How can pilates help me?


Brief background on pilates:


Pilates was created by a bloke called Joseph Pilates back in the late 1940’s early 1950’s and was originally called Contrology.


His idea was similar to a lot mechanists at that time in the belief that there was a perfect posture and that with a lot of control of the body one could achieve it.


Over the ensuing decade, pilates was ensconced within the ballet and dance world but was largely ignored by the broader medical community.


That was until 2001 when a Queensland researcher called Professor Paul Hodges and his team published an article outlining the importance of ‘core muscle control’ in people with low back pain.


The pilates community rejoiced,and validation had been achieved.
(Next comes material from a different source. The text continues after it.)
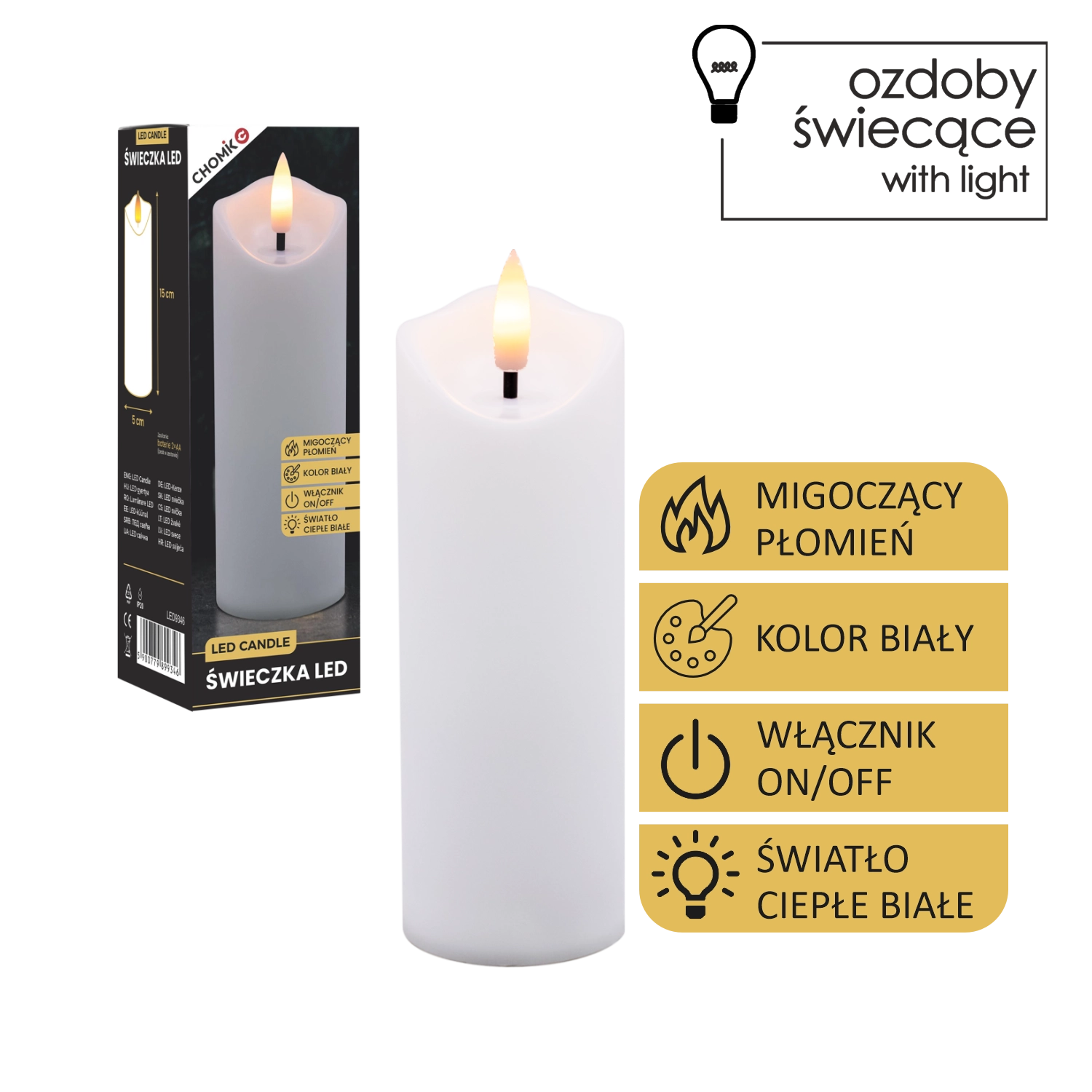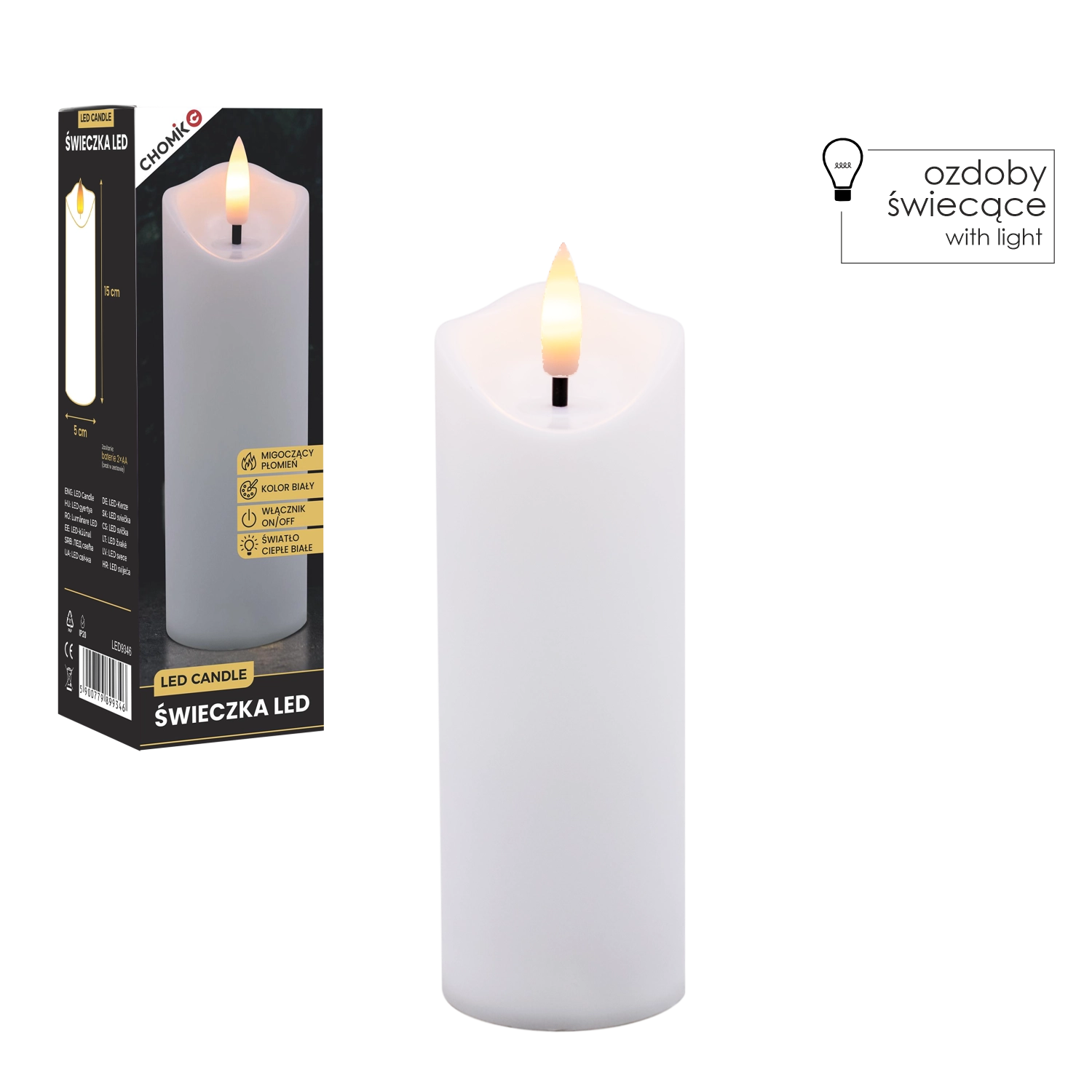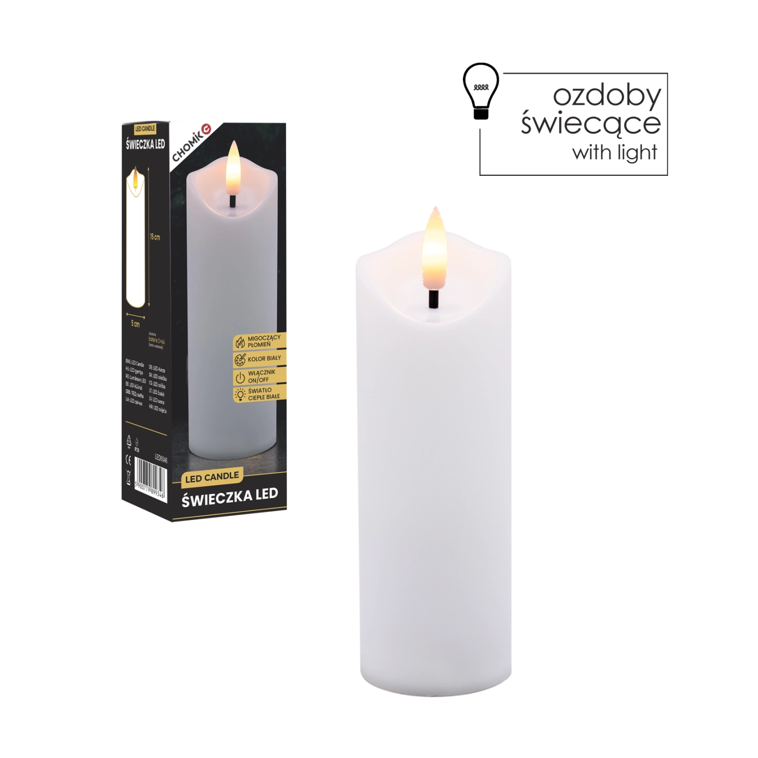 Varna in praktična LED sveča v elegantni beli barvi oddaja prijetno toplo svetlobo z učinkom pravega plamena. Idealna za dnevno sobo, spalnico ali kot diskretna svetlobna dekoracija na mizi ali polici. Uporabite jo lahko tudi kot zamenjavo za klasični vložek v lampijonu/svetilki.

Short courses were established, physiotherapists, osteopaths and more enrolled and pilates was reborn.



4 Professional tips to improve your Pilates practice



1. Pilates posture is NOT important!!


Jo Pilates based his idea of health and posture in being perfectly aligned, similar to the ballet dancers he worked with.


But as we now know this is both unrealistic and unimportant.

How do we know that?


Paralympians are a great example of the implausibility of posture being important.

There are incredible athletes at the Paralympics, they run, jump, sprint, swim and they have postures as wide and varied as is humanly possible.


And…. they are not all in pain.


Humans evolve individually and they adapt to the positions they are used to and have spent time in.


Most of us have a leg shorter than the other, a slightly twisted spine, a muscle that is bigger on one side when compared to the other.


The important thing with exercise, whether it is pilates or anything else, is that you challenge your body with a mixture of load, stamina and flexibility.

And that if something is sore you do not push it too much.